CasperJS-抓取工具无法导航到下一页 [英] CasperJS - Scraper not navigating to the next page
问题描述
以下代码是用CasperJS编写的简单抓取工具.
The following code is a simple scraper written in CasperJS.
var casper = require('casper').create();
var url = casper.cli.get(0);
var page1 = casper.cli.get(1);
var page2 = casper.cli.get(2);
//console.log(page2);
var proxy = casper.cli.get(3);
//alert(page1);
var exp = /[-a-zA-Z0-9@:%_\+.~#?&//=]{2,256}\.[a-z]{2,4}\b(\/[-a-zA-Z0-9@:%_\+.~#?&//=]*)?/gi;
var regex = new RegExp(exp);
var baseUrl = url;
//console.log(baseUrl);
var nextBtn = "a.navigation-button.next";
var allLinks = [];
casper.start(baseUrl);
casper.waitForSelector(nextBtn, processPage);
casper.run();
function processPage() {
for (var i = page1; i < page2; i = i + 1) {
console.log(i);
var pageData = this.evaluate(getPageData);
allLinks = allLinks.concat(pageData);
if (!this.exists(nextBtn)) {
return;
};
this.thenClick(nextBtn).then(function() {
//this.echo(i);
this.echo(this.getCurrentUrl());
//this.wait(1000);
});
};
}
function getPageData(){
//return document.title;
var links = document.getElementsByClassName('pro-title');
links = Array.prototype.map.call(links,function(link){
return link.getAttribute('href');
});
return links;
};
casper.then(function(){
//require('utils').dump(allLinks);
this.each(allLinks,function(self,link){
if (link.match(regex)) {
self.thenOpen(link,function(a){
jsonObj = {};
jsonObj.title = this.fetchText('a.profile-full-name');
jsonObj.services = this.getHTML('div.info-list-text span:nth-child(2) span');
jsonObj.services = jsonObj.services.replace(/&/g,"and");
jsonObj.location = this.getHTML('div.pro-info-horizontal-list div.info-list-label:nth-child(3) div.info-list-text span');
//jsonObj.contact = this.fetchText('span.pro-contact-text');
jsonObj.description = this.getHTML('div.profile-about div:nth-child(1)');
//jsonObj.description.replace(/\s/g, '');
//require('utils').dump(jsonObj);
//jsonObj.description = jsonObj.description.replace(/[\t\n]/g,"");
//jsonObj = JSON.stringify(jsonObj, null, '\t');
//console.log(i);
require('utils').dump(jsonObj);
});
};
});
});
我正在按以下方式执行此脚本,
I am executing this script as follows,
casperjs scraping.js http://www.houzz.com/professionals/c/Chicago--IL/p/15 1 3
第一个CLI参数是起始URL.第二和第三个参数是抓取的开始和结束页码.
The first CLI argument is the starting URL. The second and third arguments are the starting and ending page numbers of the scrape.
我能够从第一页中提取数据,但是我不明白为什么我无法从随后的任何页面中提取数据.
I am able to extract data from the first page, but I don't understand why I am not able to extract data from any of the consequent pages.
推荐答案
您不能在processPage
中混合使用这样的同步和异步代码.该循环将立即执行,但是单击和下一页的加载是异步发生的.该页面的评估必须异步完成:
You cannot mix synchronous and asynchronous code like this in processPage
. The loop is immediately executed, but the click and the loading of the next page happens asynchronously.

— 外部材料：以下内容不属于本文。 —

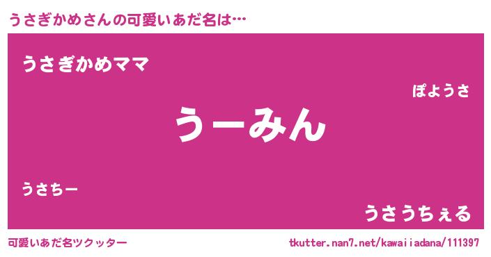 | ヘコむあだ名 | 『うさぎかめ(笑)』『なまこ酢』 |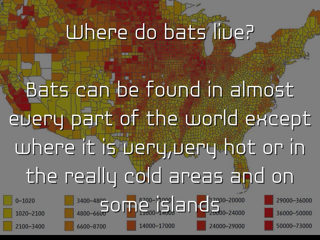 Bats can be found in almost every part of the world except where it is very,very hot or in the really cold areas and on some islands
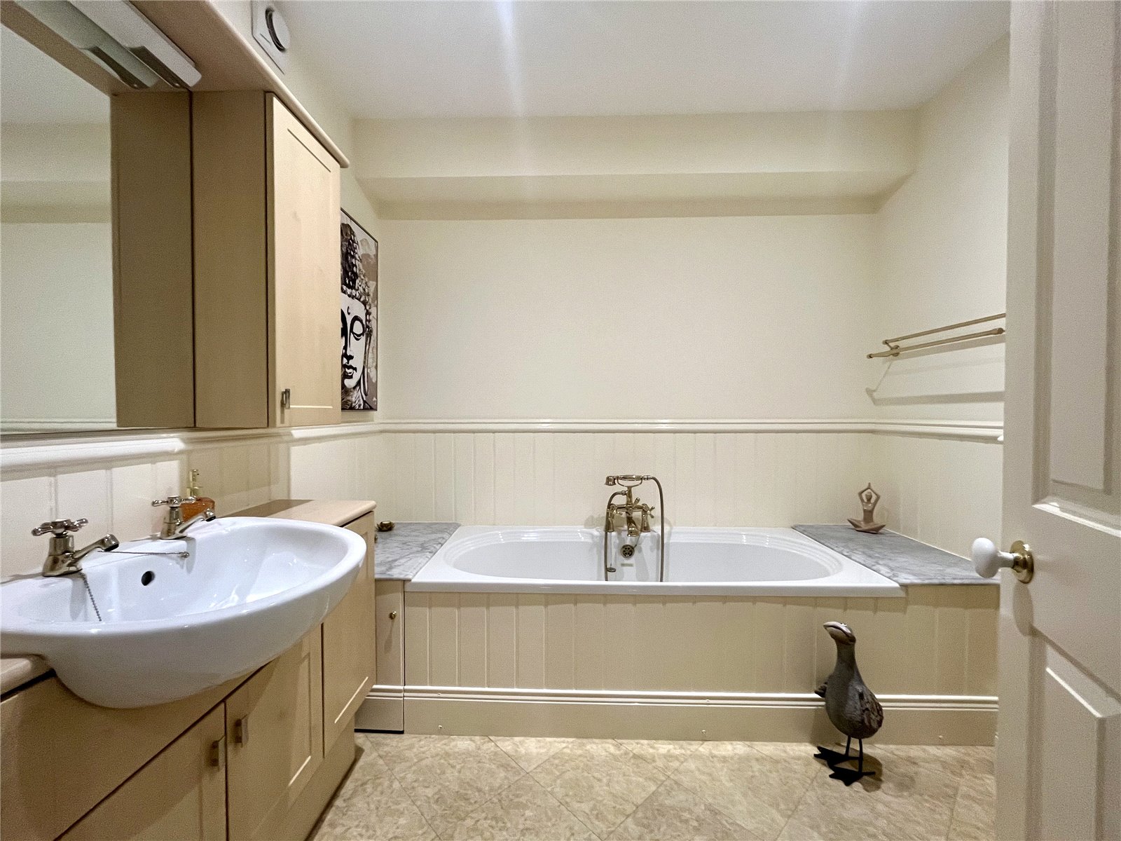 Double ended panelled bath with shower attachment, wash hand basin with cabinets above and below with fitted mirror, low level WC and half panelled walls.
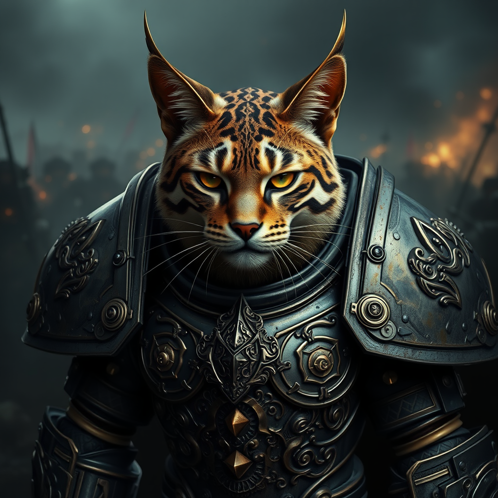 A hyper-realistic depiction of a feline in ornate power armor reminiscent of adeptus astartes, featuring intricate detailing on the armor plates. Set in the grim Warhammer 40k universe with dark tones and cinematic lighting, the scene captures an imposing and noble presence. The armor shines with a subtle patina, and the eyes of the cat glow with an enigmatic intensity. The background is a chaotic battlefield, adding a dynamic contrast to the stoic figure in the foreground.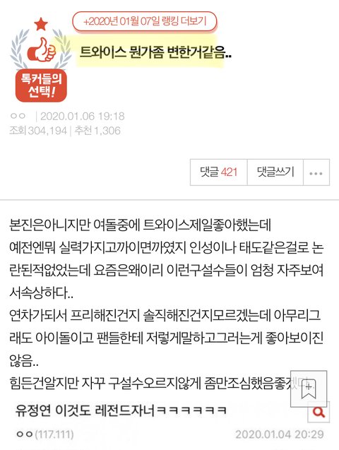 그런데 내가 좋아하는 가수가 요즘 그렇게 욕먹는걸 보니까 너무너무 화가나고 전에는 내가 왜 말리질 않았을까 반성하게 되더라.

The evaluation of the page has to be done asynchronously:
function processPage() {
for (var i = page1; i < page2; i = i + 1) {
this.then(function(){
console.log(i);
var pageData = this.evaluate(getPageData);
allLinks = allLinks.concat(pageData);
if (!this.exists(nextBtn)) {
return;
}
this.thenClick(nextBtn).then(function() {
this.echo(this.getCurrentUrl());
});
});
};
}
这篇关于CasperJS-抓取工具无法导航到下一页的文章就介绍到这了,希望我们推荐的答案对大家有所帮助,也希望大家多多支持IT屋!